Uma grande onda de pena me tomou, a mesma que me convencia a sempre dar uma nova chance para Analícia. Berenice precisava de apoio e ajuda, ela acabou de perder a filha! Precisávamos ajudá-la, afinal, também estávamos sentindo um pouco do que ela sentia. Eu sabia que poderíamos animar Berenice em pouco tempo.

—Claro, Berê. Podemos ficar um pouco com você. –concordei, sorrindo para ela. –Não é?

Meus amigos concordaram de imediato, sem dúvida chegando na mesma conclusão que eu –Berenice nos ajudou tanto durante a vida, nada seria mais justo do que ajudá-la também na hora em que ela mais precisava.

Entenda, era Berenice. Não havia motivo para desconfiar dela, ela cuidou de nós a vida inteira, era uma pessoa boa que ajudava as outras, humilde e que não se importava em dar tudo o que tinha para deixar outra pessoa feliz. Berenice seria a última pessoa da qual eu suspeitaria.

Erros.

Entramos na casa de Berenice de bom grado, ela nos levando para a cozinha onde vasilhas cheias de doces já estavam preparadas, todas as outras portas fechadas. Meu estômago roncou, por incrível que pareça, e eu pensei que poderia comer um pouco –não só por mim, mas por Berenice também. Nos dispomos na mesa de Berenice, ela abrindo os doces com vontade e garantindo que todos pegassem alguns, não largando de nós até que terminássemos.

—Estava uma delícia, Berê. –elogiamos.

Estava um pouco doce demais, como se Berenice usasse o açúcar para disfarçar outra coisa que colocou nos doces.
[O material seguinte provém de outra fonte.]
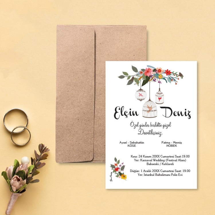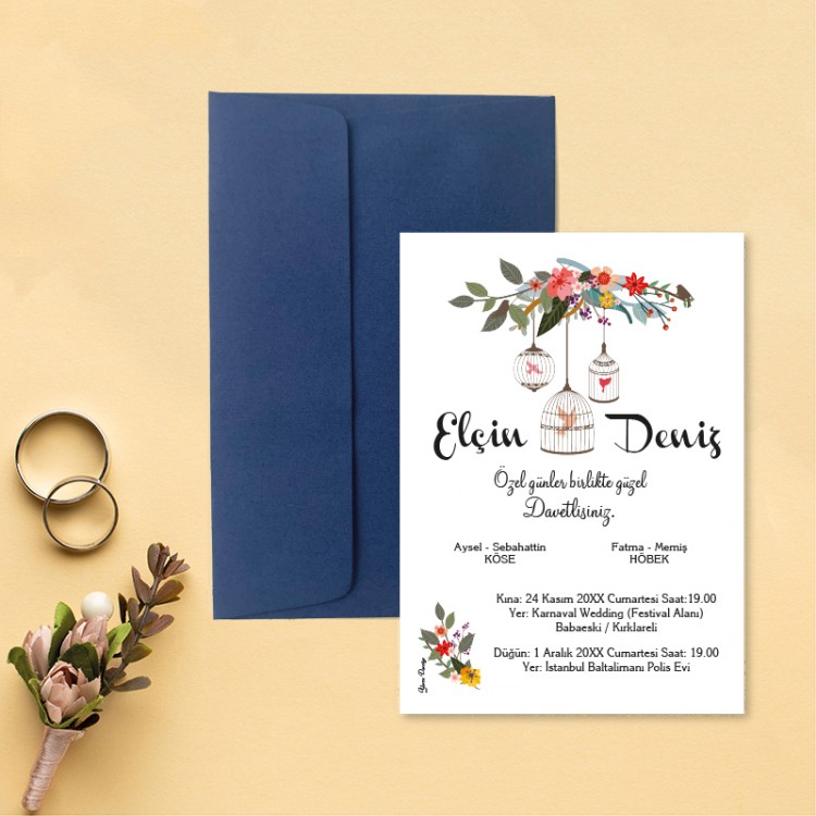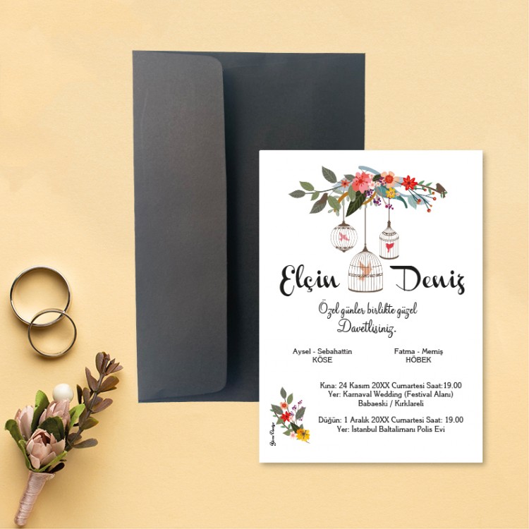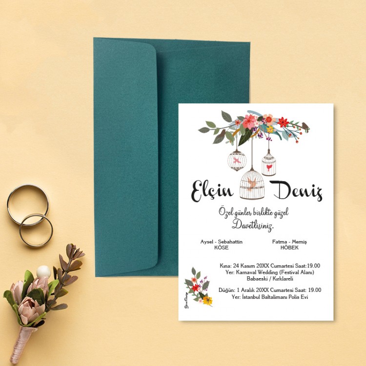 • Davetiye ölçüsü: 113 x 158 mm
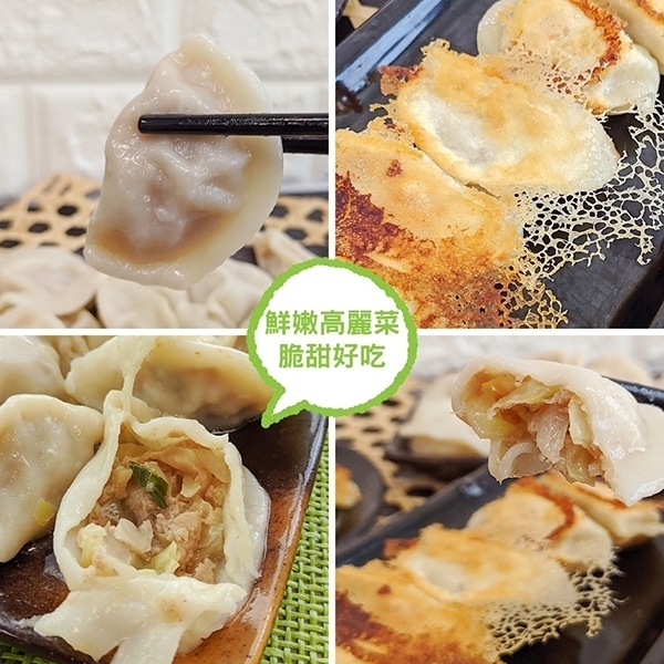 內容物:麵粉.豬肉.高麗菜.韭菜.水.非基因改造大豆蛋白.雞肉.在來米粉.糖.薑.大豆油.芝麻油.樹薯澱粉.L-麩酸鈉.鹽.釀造醬油.黑胡椒粒.甘藷粕粉.花椒粒.白胡椒粒.五香粉.D-山梨醇液.肉桂.香料.乙醯化己二酸二澱粉.小麥蛋白.蛋白粉

Não pensei nisso na hora, porém, acostumado demais com os doces maravilhosos de Berenice para imaginar que eles fariam algum mal. Até que conseguimos comer alguns enquanto Berenice nos enrolava com histórias de Analícia, sobre sua pobre e linda menininha e do destino que ela sofreu, de tudo que faria para reverter a situação... Sempre nos oferecendo mais quando nossas mãos estavam vazias, e aceitávamos, por mais que não quiséssemos.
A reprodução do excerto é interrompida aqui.